Когда бывший премьер-министр Михаил Чигирь был арестован в момент участия в организованных оппозицией альтернативных президентских выборах весной 1999 года, Лукашенко утверждал в разных выступлениях, что тот украл 1 млн долларов, затем — 5, 10, наконец, цифра выросла до 20 млн долларов. Однако в суде ему предъявили совсем другие обвинения.

С особой ненавистью высказывается Лукашенко об экс-кандидате в президенты Александре Козулине, который в ходе президентских выборов 2006 года вел себя очень решительно, даже скандально, весьма нелицеприятно высказывался о главе государства. Президент называл его «дебилом», «идиотом», «негодяем», «отморозком», «сопливым», «вшивым». «Да бутылки с пивом он открывал на лыжне… Гоните этого подонка, чтобы ему в пределах Беларуси места не было». В феврале 2008 года Лукашенко согласился освободить А. Козулина с условием, чтобы тот вез умирающую жену за границу. Однако политузник не захотел эмигрировать. Президент прокомментировал это так: «Но он отказался ее лечить. Он отказался даже после того, как его собственные дочери поехали к нему, его уговаривали: пожалуйста, помоги спасти маму.

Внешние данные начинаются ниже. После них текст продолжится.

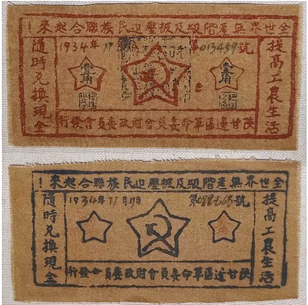 为打破敌人封锁,重新繁荣集市,民主政府成立了边区银行,承担发行货币、办理兑换等职责,同时将印制货币的任务交给了具有雕刻、绘画技艺的政府人员高名山和邵凤麟、邵凤来兄弟。3人在没有印刷设备和适用纸张的艰苦条件下,经反复研究、试验,采用木刻制版、在麻布上套色彩印,用桐油浸润、烘干的方法,印出质地柔韧、抗折耐磨,面值一角、二角、五角3种油布币,是陕甘边区首次发行的红色货币。

Ему эта мама уже давно не была нужна».

Усилиями президента в стране создана правовая, политическая, моральная атмосфера, в рамках которой любые противники власти или просто несогласные предстают в таком отвратительном виде, что их не жалко оскорблять, унижать, бить и даже физически уничтожать. В качестве иллюстрации можно считать призыв «повесить за ноги» участников уличных акций, прозвучавший по Белорусскому телевидению 25 марта 2006 года. Белорусский писатель С. Букчин так комментирует это явление: «По сути наша оппозиция — это те же пораженные в правах… люди, которых можно безвинно сажать в тюрьмы, похищать. Своего рода парии, прокаженные, отверженные, люди вне закона, с которыми можно делать буквально все». Карт-бланш правоохранительным органам на расправу с политическими противниками дает Лукашенко. Как мы помним, он фактически оправдал избиение голодающих депутатов оппозиции Верховного Совета 12-го созыва («Чуть-чуть кому-то намяли бока, так уже расплакались. Разве это по-мужски?»), А. Козулина («Как дали — так летели шмотки по заугольям»). Вот еще один президентский пассаж, произнесенный перед студентами БГУ в феврале 2008 года: «Козулина ударили! Я подходил к человеку, который это сделал, говорил ему: «Ну зачем ты так, а?» А он мне: «Не мог я больше, Александр Григорьевич. Из-за него неделю не видел жену и детей, все тут на перекрестке дежурил». Ну по-мужски ж ударил, согласитесь».


Политические репрессии

Репрессии против оппонентов, реальных и потенциальных, просто всех недовольных — неотъемлемый атрибут, необходимая закономерность, способ существования любого недемократического режима, важный фактор его выживания. Без этого система развалится, несмотря на внушительную поддержку населения. Беларусь — не исключение, а яркое подтверждение этой истины. Лукашенко свято убежден, что функциональна только такая модель государственного управления, которая основана на насилии и страхе, а противоречия между различными общественными направлениями, позициями нужно разрешать с помощью подавления, политического уничтожения противоположных интересов и их носителей. В стране полностью отсутствуют институциональные механизмы мирного преодоления общественных конфликтов, господствует большевистский принцип: если враг не сдается, его уничтожают. В рамках такой политической парадигмы единственным политически значимым фактором является сила. Причем в самом что ни на есть первозданном смысле этого слова. Использование силовых методов происходит на уровне условного рефлекса.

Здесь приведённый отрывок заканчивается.